He will be remembered as someone who controlled the euphoria of insurers, came down heavily on mis-selling, cut agent commission but also saw the sector losing growth momentum because of a slew of stricter regulations.
Those in the sector feel restoring growth should be a key priority of the next Irda chief, yet to be named.
Following the stringent norms regarding-unit linked plans in September 2010, the country reported a fall in insurance density in 2011, a first since the sector was opened. There was an increase in insurance density for every year from 2001. Similarly, insurance penetration had surged consistently till 2009 and slipped in the following years.
Ashvin Parekh, national leader, global financial services, Ernst and Young, said: “What the industry needs is development to begin with. Regulations can come after Irda has dealt with dwindling growth.”
Insurance penetration and a deepening reach of insurance products, according to experts, should be a continuing activity for the new chairman. Insurance penetration is less than 4.5 per cent and general insurance penetration is below one per cent.
Perhaps, the most arduous task for the new chairman would be to maintain a balance between customer welfare and insurers’ growth. Though Hari Narayan upheld the customer as supreme and based regulations on customer interests, those in the sector want the new chairman to uphold company growth as well.
“Though products like micro insurance may be mandated by the Irda chairman to serve customers, it is imperative to ensure the right mix in terms of prices and services of each product is maintained. This is required to ensure our business interests are not hampered,” said the head of rural and social insurance at a general insurance company.
Bancassurance as a channel of distribution is what companies are vouching for to expand reach. At present, a bank is allowed to tie up with only one life and one non-life insurer to sell its products. Insurers who entered the sector late lost on the opportunity. Hence, they are scouting for opening of the bancassurance architecture.
“Some of our peers are not comfortable with the fact that their parent bank would also be able to sell products of other insurance company. The finalisation of the regulation is, hence, bound to be delayed,” said a senior executive of a general insurance company involved with product distribution.

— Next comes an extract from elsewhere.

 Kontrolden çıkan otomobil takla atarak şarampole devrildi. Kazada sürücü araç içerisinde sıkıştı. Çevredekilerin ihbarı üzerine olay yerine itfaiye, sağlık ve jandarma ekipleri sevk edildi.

However, other institutions, including the Reserve Bank of India, have reservations about the Irda model of letting banks act as agents. Hence, insurers fear pushing these changes would be Herculean.

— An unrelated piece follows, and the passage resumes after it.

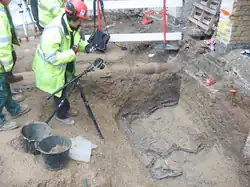 In archaeological excavation, a feature is a collection of one or more contexts representing some human non-portable activity, such as a hearth or wall.[1] Features serve as an indication that the area in which they are found has been interfered with in the past, usually by humans.[2]
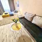 Гостям предлагается разместиться в уютных апартаментах оборудованных двуспальной кроватью со свежим постельным бельем, прикроватной мебелью, телевизором с кабельным телевидением, диваном, шкафом, затемненными шторами. Доступен Wi-Fi. Ванная комната укомплектована необходимой сантехникой.

Areas such as catastrophe insurance are also expected to become a bone of contention between Irda and the insurers. Offering mandatory insurance to cover catastrophic events and formulating a catastrophe pool is what some in the sector have been asking.

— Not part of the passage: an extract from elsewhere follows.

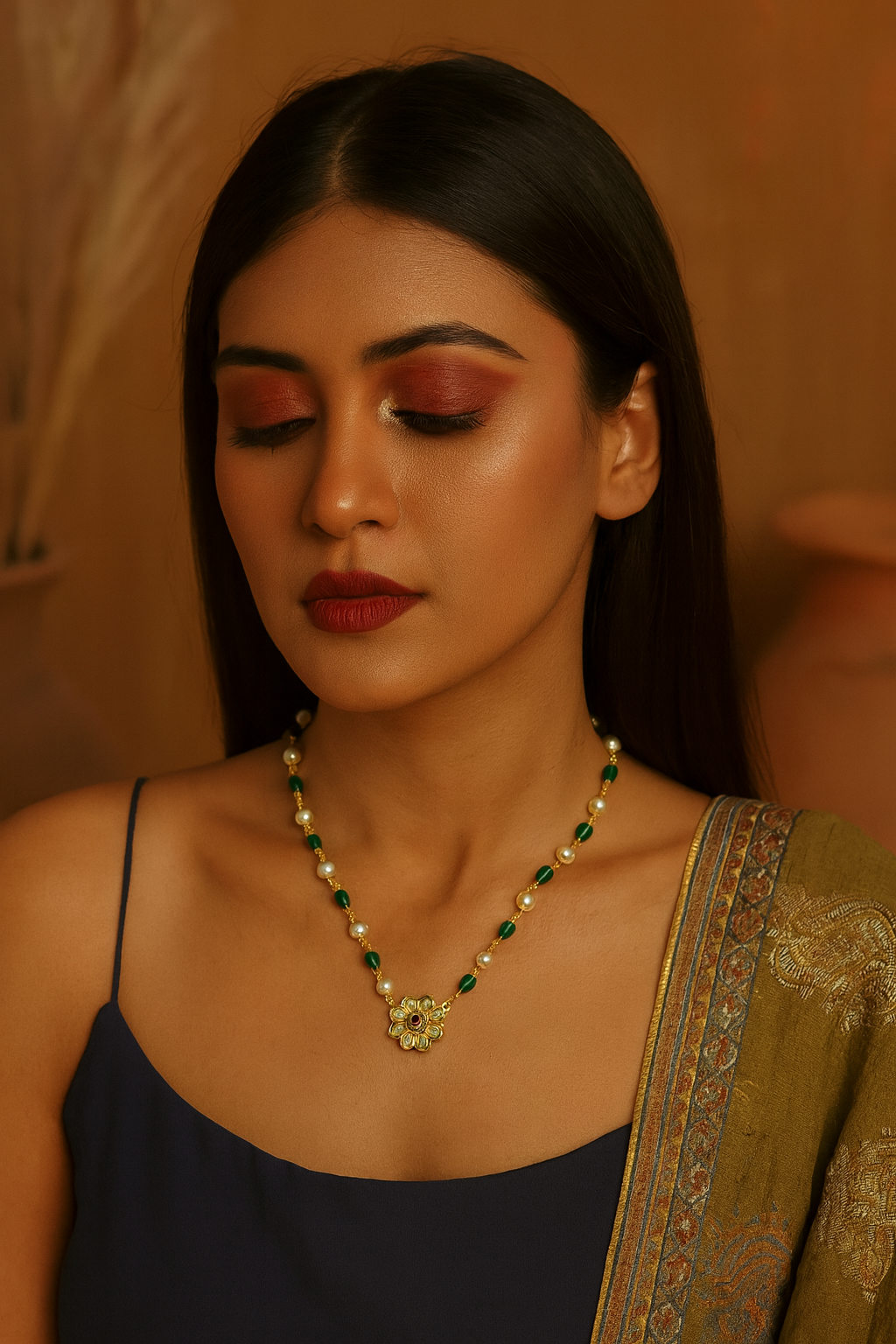 Kundan Flower Pearl & Green Beads Short Necklace design

This has not been finalised, owing to a fear of it leading to a similar consequence as the third party motor pool.
The equity investment cap for all insurers has been capped at 15 per cent. While a separate equity investment limit of 30 per cent for Life Insurance Corporation of India (LIC) has been permitted by the government, which owns it, the new chairman will have to clarify the Irda stand on this matter.
Hari Narayan was open about his discomfort with this special status for LIC.
In life insurance products, after the regulatory changes, both unit-linked plans and pensions are back to the market but volumes are still low. Experts say a push from the regulator is needed. “Ulips are good products and we are hoping the new regulator is able to increase commissions on these for agents, so that they are incentivised to sell them,” said the chief executive of a private life insurer.
However, while pending reforms might make it a difficult beginning for the new chairman, a lot of tedious work has already been completed by the outgoing one. Product guidelines, fixing the surrender charges for policies and altering the commission structure for agents, has been finalised and is on the way to become a regulation. Similarly, the notification banning the highest net asset value products of life insurers have been formulated and only needs to be gazetted.